The end of last week was remembered for the largest failure in the operation of Windows PCs on which CrowdStrike software designed to protect against cyber attacks was installed. Following its investigation, CrowdStrike said the outage was due to a bug in testing software that failed to properly test the update, which was distributed to millions of PCs on Friday.
At the same time, CrowdStrike promised to more thoroughly test updates to its software in the future, as well as implement a phased rollout of packages to avoid a repeat of the incident that happened a few days ago. As a reminder, CrowdStrike’s Falcon app is used by companies around the world to protect against cyber attacks and is installed on millions of PCs.
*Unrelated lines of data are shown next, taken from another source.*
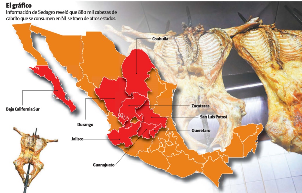 Fernández explicó que en los registros de la dependencia se calcula que 880 mil cabezas de cabrito que se consumen anualmente en Nuevo León se traen de otros estados, principalmente de Coahuila, San Luis Potosí, Zacatecas, Baja California Sur, Durango, Guanajuato, Querétaro y Jalisco.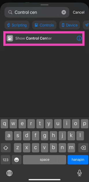 ステップ3:選択しますコントロールセンターを表示しますリストから。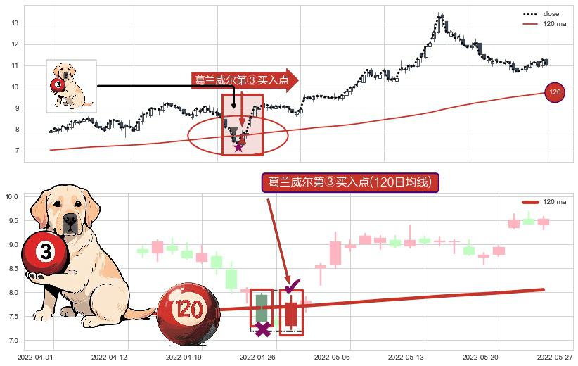 ⚀ 2022-04-27-日显现 葛兰威尔均线 120日均线 第③买入点 上升趋势的中继信号,后市看涨,买进信号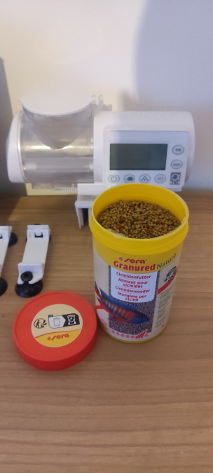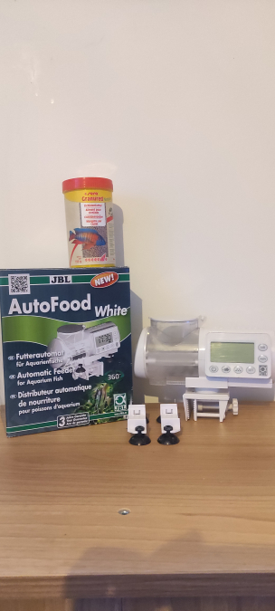 Bonjour, Je vends ce distributeur automatique de marque JBL, très bonne état, fournis avec les pile et un contenant de marque Sera en granulés contenance 100%. Cordialement

On Friday, the company began distributing an update to Falcon that was supposed to collect “telemetry data on possible new methods to combat cyber threats.” Such updates come out with some regularity, but in this case, one of them caused a large-scale crash on a Windows PC.
CrowdStrike typically releases two types of updates. Sensor Content packages update content for Falcon on the user’s device and run at the Windows kernel level. Rapid Response Content packages update the signatures of the Falcon sensor, which is used to detect malware. In this case, a tiny 40KB Rapid Response Content file crashed 8.5 million computers.
Falcon sensor updates are typically not deployed from the cloud and include artificial intelligence and machine learning models that allow CrowdStrike to improve its malware detection capabilities over the long term. Some of these capabilities include what are called “Template Types,” which are programming code for new detections that are customized based on how the package is delivered to users’ devices.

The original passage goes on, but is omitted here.